▶ [INFORMATION SHOWN]
────────────────────────────────────────

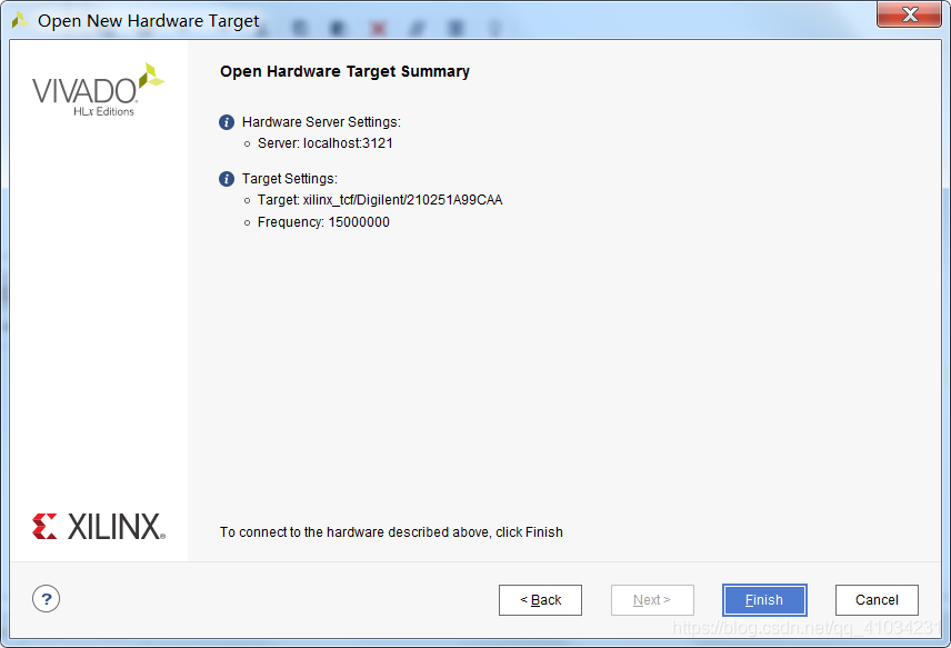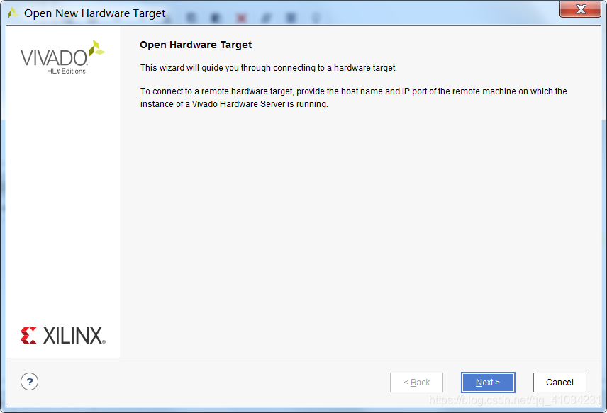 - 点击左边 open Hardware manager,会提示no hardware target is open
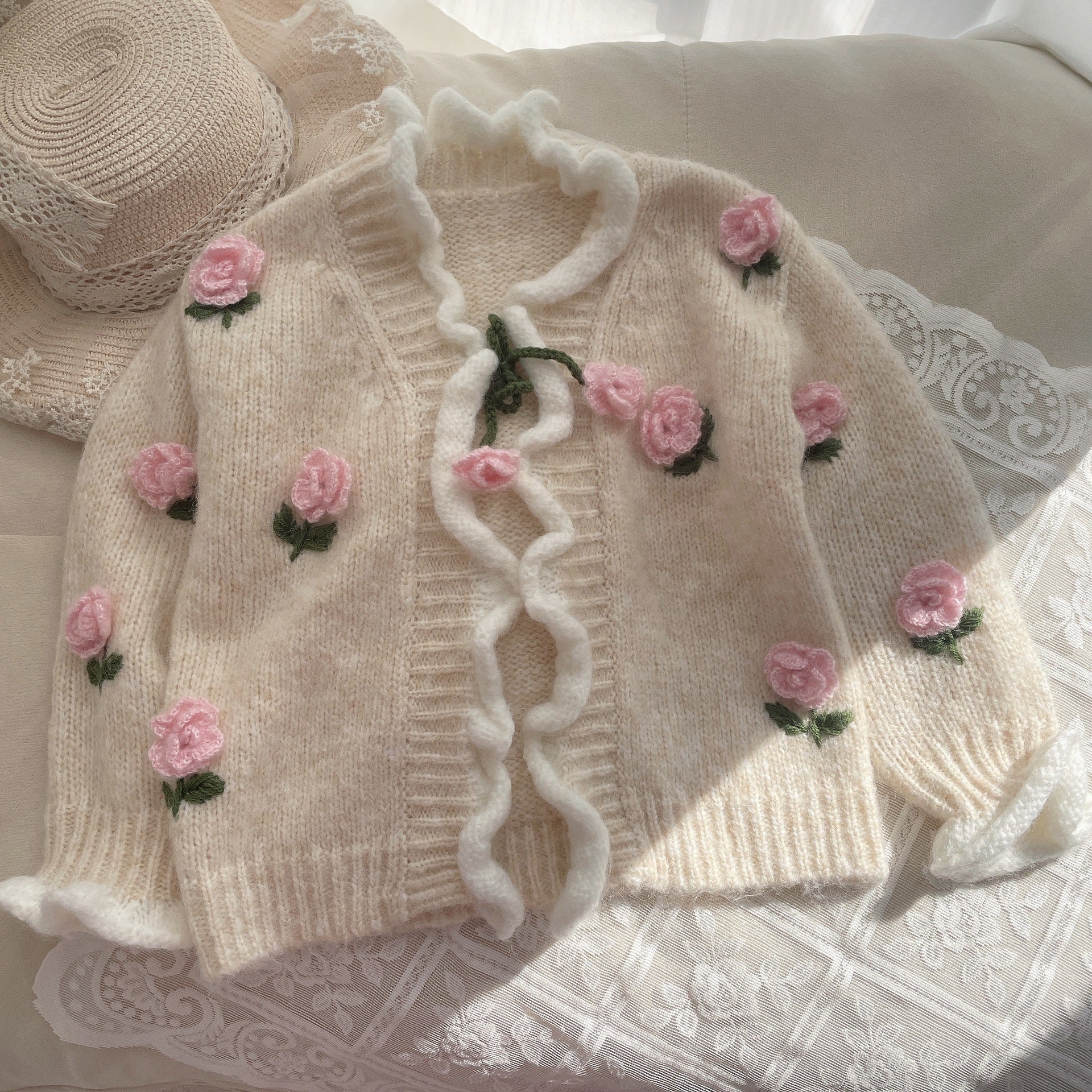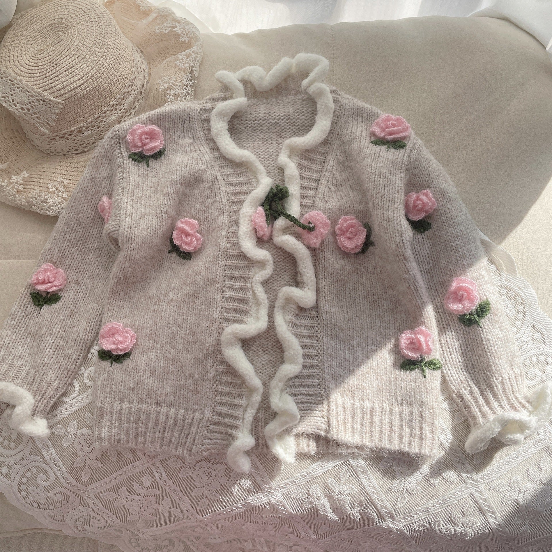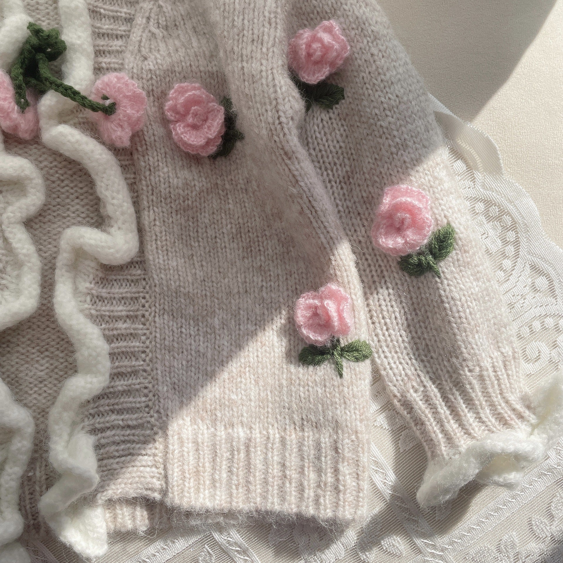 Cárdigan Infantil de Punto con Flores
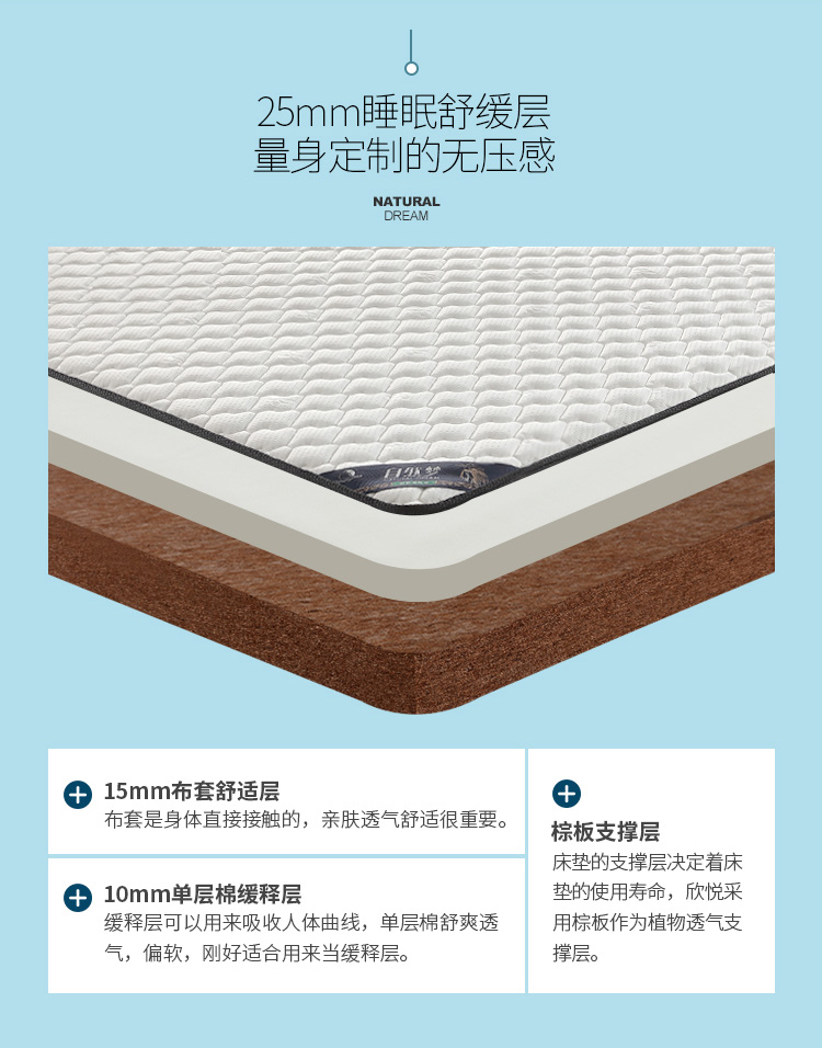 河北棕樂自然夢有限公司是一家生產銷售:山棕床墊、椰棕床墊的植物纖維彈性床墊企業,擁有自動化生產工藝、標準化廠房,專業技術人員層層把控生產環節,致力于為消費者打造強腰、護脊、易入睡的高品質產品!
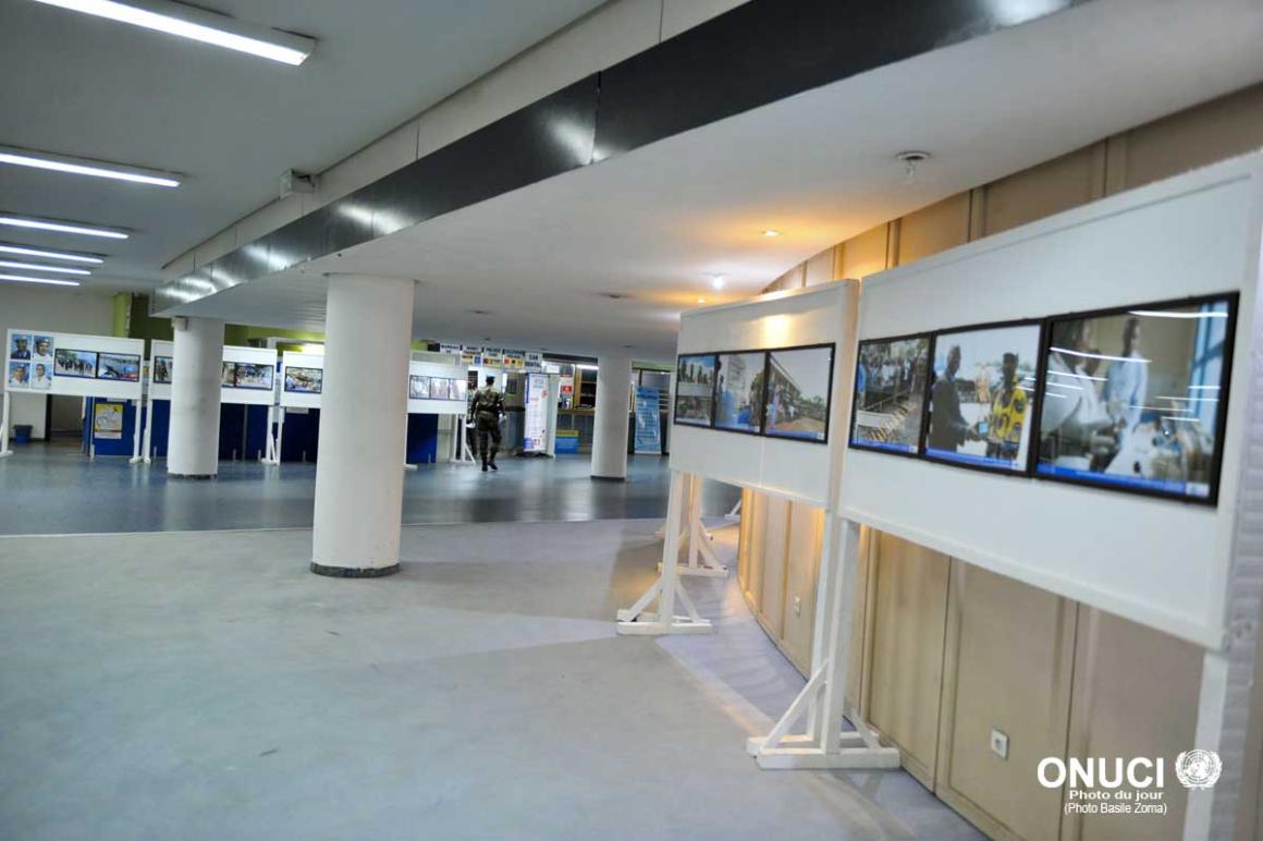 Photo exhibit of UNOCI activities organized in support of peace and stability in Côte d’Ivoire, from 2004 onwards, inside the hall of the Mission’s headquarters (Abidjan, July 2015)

────────────────────────────────────────

Without including any picture, output all the material exactly as it appears.

▶ [WRITTEN ANSWER]
 - 点击左边 open Hardware manager,会提示no hardware target is open
 Cárdigan Infantil de Punto con Flores
 河北棕樂自然夢有限公司是一家生產銷售:山棕床墊、椰棕床墊的植物纖維彈性床墊企業,擁有自動化生產工藝、標準化廠房,專業技術人員層層把控生產環節,致力于為消費者打造強腰、護脊、易入睡的高品質產品!
 Photo exhibit of UNOCI activities organized in support of peace and stability in Côte d’Ivoire, from 2004 onwards, inside the hall of the Mission’s headquarters (Abidjan, July 2015)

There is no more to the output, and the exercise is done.